Enantiomers are equal in all their physical properties except for their optical rotation, as they rotate the plane of polarized light by equal amounts in opposite directions. In contrast, diastereomers are characteristically different in their physical properties, such as melting and boiling points, densities, solubilities, heats of formation, and Gibbs free energies. If a molecule contains more than one chirality center and therefore consists of several pairs of enantiomers and diastereomers, the physical properties of each diastereomer must be noted. Tartaric acid, for instance, consists of three stereoisomers, a pair of enantiomers and a meso compound.

Tartaric acid
Physical properties of tartaric acid stereoisomers
Stereoisomer Configuration Melting point (°C) Optical rotation [α]D (degree) Density (g/ml) Solubility at 20 °C (g/100 ml H2O)

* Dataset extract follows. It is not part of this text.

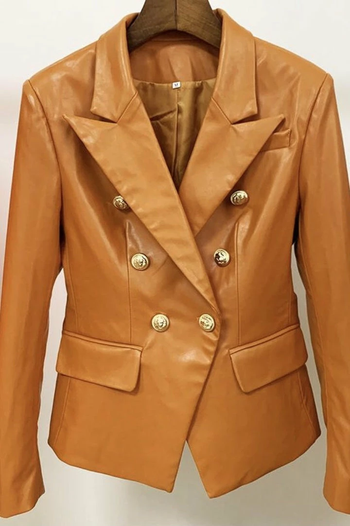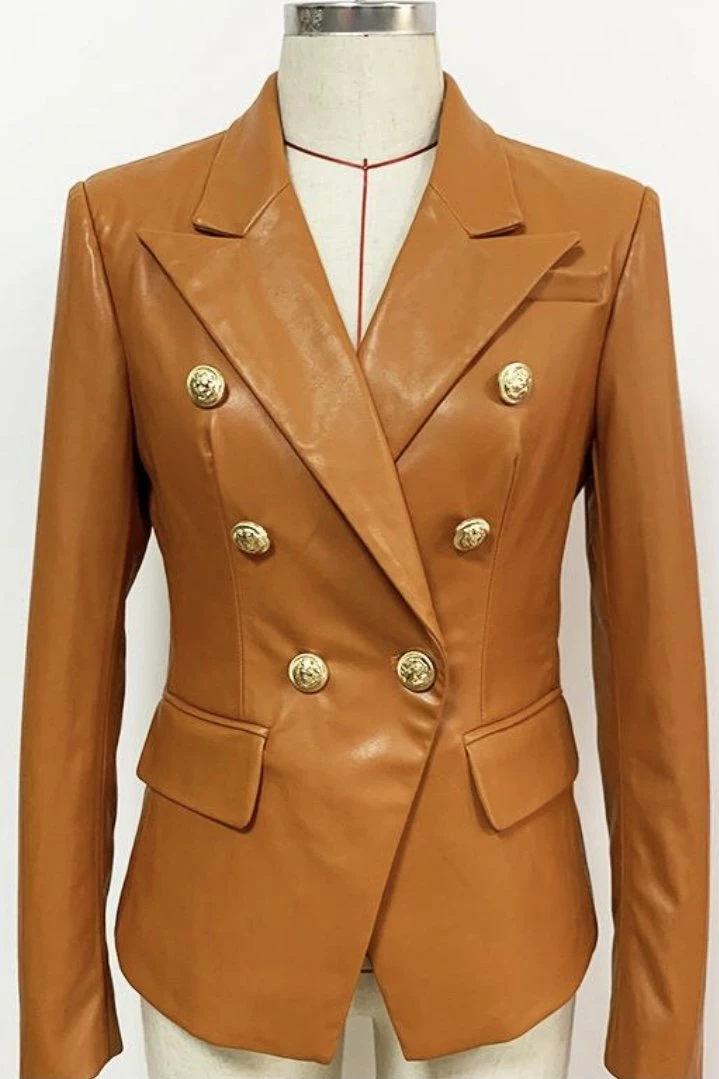 This double breasted faux leather blazer is complete with gold, detailed buttons. Top off any look with our Margaux Blazer and your favorite gold jewelry to instantly elevate it!

(+)-Tartaric acid (2R,3R) 168 - 170 + 12 1.7598 139.0
(-)-Tartaric acid (2S,3S) 168 - 170 - 12 1.7598 139.0
meso-Tartaric acid (2R,3S) / (2S,3R) 146 - 148 0 1.6660 125.0
Racemate of tartaric acid (2R,3R) and (2S,3S) 206 0 1.7880 20.6

(+)- and (-)-tartaric acid represent a pair of entantiomers. They differ only in their direction of optical rotation. Meso-tartaric acid, which is diastereomeric to (+)- and (-)-tartaric acid and shows no mirror-image relationship to them, thus has different physical properties. The racemic mixture of (+)- and (-)-tartaric acid behaves like a pure compound. It shows, for instance, a definite melting point. Nevertheless, its physical properties differ from the properties of meso-, (+)-, and (-)-tartaric acid.